SMMT has warned that urgent action is needed to protect UK automotive manufacturing as zero emission vehicle targets, European trade rules, energy costs, and employment costs continue to shape investment decisions.
The Society of Motor Manufacturers and Traders issued the warning alongside its latest State of the Automotive Nation report, arguing that growth depends on a more workable transition to zero emission vehicles, a settlement on UK-EU automotive trade, and lower underlying business costs for vehicle and component manufacturers.
The trade body says the UK automotive industry supports 188,000 manufacturing jobs and remains one of the country’s most important high-value industrial sectors. It also handles more than £110bn in imports and exports, leaving the sector heavily exposed to the rules governing cross-border movement of finished vehicles, batteries, and components.
The immediate trade concern is the interaction between EU proposals on “Made in Europe” rules and tougher rules of origin due under the UK-EU Trade and Cooperation Agreement. Without a negotiated solution, SMMT says around 70% of battery electric and plug-in hybrid vehicles traded across the Channel could face a 10% tariff from January 2027.

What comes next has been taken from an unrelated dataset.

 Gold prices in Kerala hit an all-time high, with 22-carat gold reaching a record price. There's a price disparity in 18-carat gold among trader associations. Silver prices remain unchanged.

The organisation estimates that this would create a tariff bill of about £1.4bn in 2027 and put £16.4bn of UK-EU electric and plug-in hybrid vehicle trade at risk. Such a burden would land while manufacturers are already funding new platforms, battery integration, power electronics, software, charging interfaces, and plant conversion.

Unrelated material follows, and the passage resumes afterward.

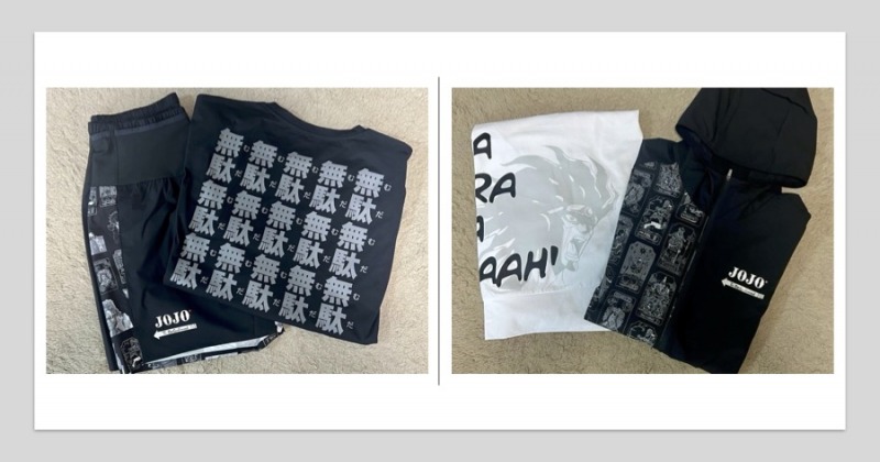 今回のコラボアイテムは、デザインはもちろん着用感や機能性も含め、どれも魅力的なものばかりでした。ジョジョファンの立場からすると、大好きなキャラクターがデザインされたアイテムは着ているだけでテンションが上がります。

Mike Hawes, chief executive of SMMT, said: “Reforming the ZEV mandate is not about weakening ambition; it is about making the transition achievable.”

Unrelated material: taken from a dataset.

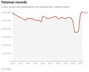 No Brasil da alta inflação, 30,2 milhões de pessoas – pouco mais do que toda a população da Venezuela – sobrevivem com até um salário mínimo. Nunca tantos estiveram nessa condição. A quantidade de brasileiros que consegue uma renda mensal de até R$ 1,1 mil, obtida a partir do trabalho, atingiu um patamar recorde.

Vehicle manufacturers have committed significant investment to zero emission technologies, but the trade body argues that the current mandate is moving ahead of market demand. Where consumer uptake does not keep pace, manufacturers can be pushed toward discounting, credit strategies, model mix adjustments, or production decisions that weaken margins and complicate factory planning.
The UK also competes for model allocation against plants in Europe, Asia, and North America, many of which operate with lower industrial energy costs, larger domestic markets, or more direct state support. Recent measures, including DRIVE35 funding and action on electricity costs, have been welcomed by industry, although companies still need long-term certainty before committing capital to tooling, factory upgrades, and supply chain localisation.
Electric vehicle manufacturing changes the structure of the supply base as well as the drivetrain. Batteries, drive units, motors, power electronics, software, thermal systems, castings, wiring, and lightweight materials carry different manufacturing requirements from internal combustion engine platforms. Holding assembly work in the UK will increasingly depend on whether the surrounding component base develops at sufficient depth.
European competitors are already industrialising parts of that transition. Mercedes-Benz’s move to produce axial flux motors at Berlin-Marienfelde demonstrates how electrification is becoming a manufacturing discipline involving advanced joining, automated process control, and AI-based inspection. The same shift is pulling more value into electric powertrains, electronics, software, and high-precision manufacturing.
The UK has strong assets in high-value engineering, design, motorsport, specialist vehicles, power electronics, and advanced materials. Those strengths can support the transition, but they do not remove the need for competitive production conditions. Automotive plants are capital-intensive and operate on long model cycles, which means uncertainty around tariffs, energy, regulation, and demand can affect decisions years before a vehicle reaches production.
The ZEV Mandate adds operational pressure because compliance is tied to sales mix rather than factory readiness alone. If charging infrastructure, vehicle pricing, finance, insurance, and residual values do not move in line with the mandate, manufacturers are left managing the gap through commercial mechanisms that do little to improve plant productivity.
German automotive manufacturers are already under pressure as electrification costs, software development, Chinese competition, and tariffs reshape the market. The same pressures are visible across Europe, where production decisions are increasingly influenced by the combined strength of industrial policy, energy markets, component supply, and consumer demand.
UK automotive now needs conditions that match the scale of the transition. Predictable trade access, competitive power costs, workable regulation, skilled labour, and domestic supply chain depth will decide whether zero emission vehicle production remains a national manufacturing strength or becomes another area where design, branding, and sales remain local while volume production moves elsewhere.